• Work required
Aside from the pictures, copy the listing exactly.

• Information shown
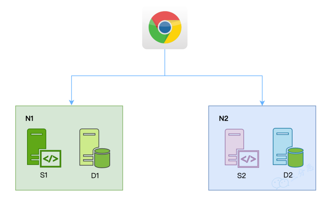 假如现在有两个分区N1和N2,N1 和 N2 分别有不同的分区存储 D1 和 D2,以及不同的服务 S1 和 S2。
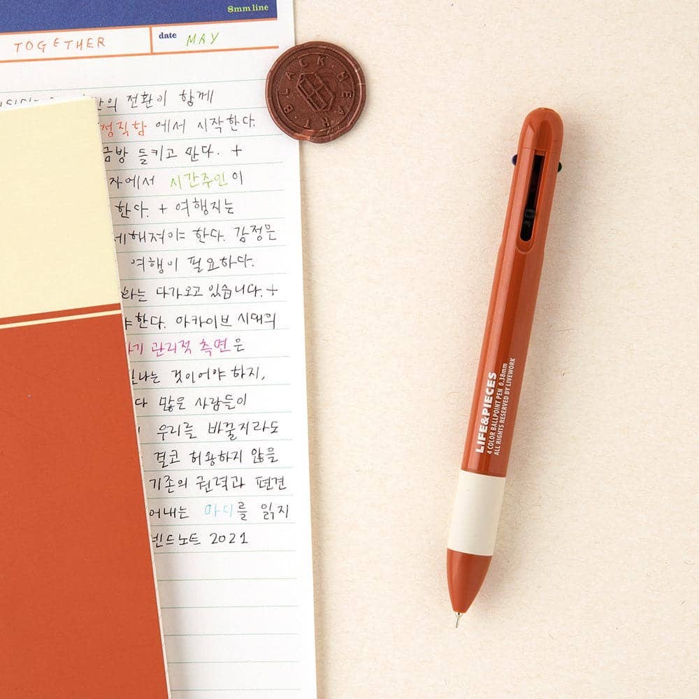 This Life & Pieces 4 colour ballpoint pen from the cult Korean brand Livework is a stylish pen with 4 different ink options in one pen. Every different pen colour comes with four different gel ink colours. Refills are available here.
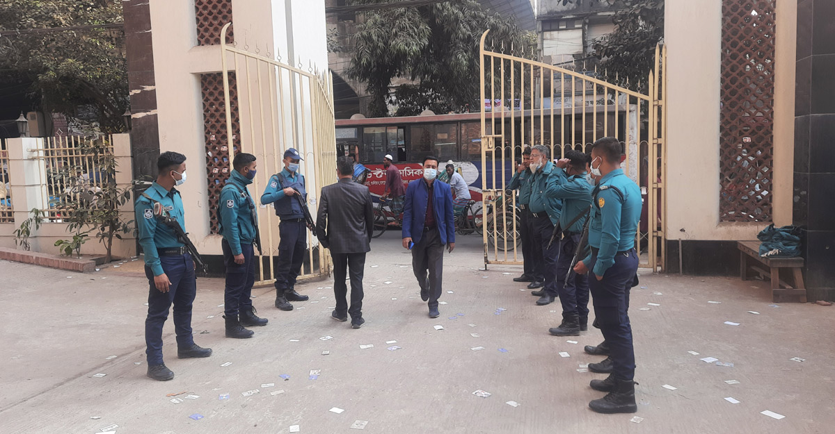 বুধবার (১০ ফেব্রুয়ারি) চীফ জুডিশিয়াল ম্যাজিস্ট্রেট আদালত প্রাঙ্গণ সরেজমিনে ঘুরে দেখা গেছে, আদালত এলাকায় পথচারীদের চলাচলে পুলিশের কড়া নজরদারি। আদালত প্রাঙ্গণে প্রবেশেও চলছে পুলিশি তল্লাশি। শিথিল করা হয়েছে সর্ব সাধারণের চলাচল।

• Answer for this exercise
 假如现在有两个分区N1和N2,N1 和 N2 分别有不同的分区存储 D1 和 D2,以及不同的服务 S1 和 S2。
 This Life & Pieces 4 colour ballpoint pen from the cult Korean brand Livework is a stylish pen with 4 different ink options in one pen. Every different pen colour comes with four different gel ink colours. Refills are available here.
 বুধবার (১০ ফেব্রুয়ারি) চীফ জুডিশিয়াল ম্যাজিস্ট্রেট আদালত প্রাঙ্গণ সরেজমিনে ঘুরে দেখা গেছে, আদালত এলাকায় পথচারীদের চলাচলে পুলিশের কড়া নজরদারি। আদালত প্রাঙ্গণে প্রবেশেও চলছে পুলিশি তল্লাশি। শিথিল করা হয়েছে সর্ব সাধারণের চলাচল।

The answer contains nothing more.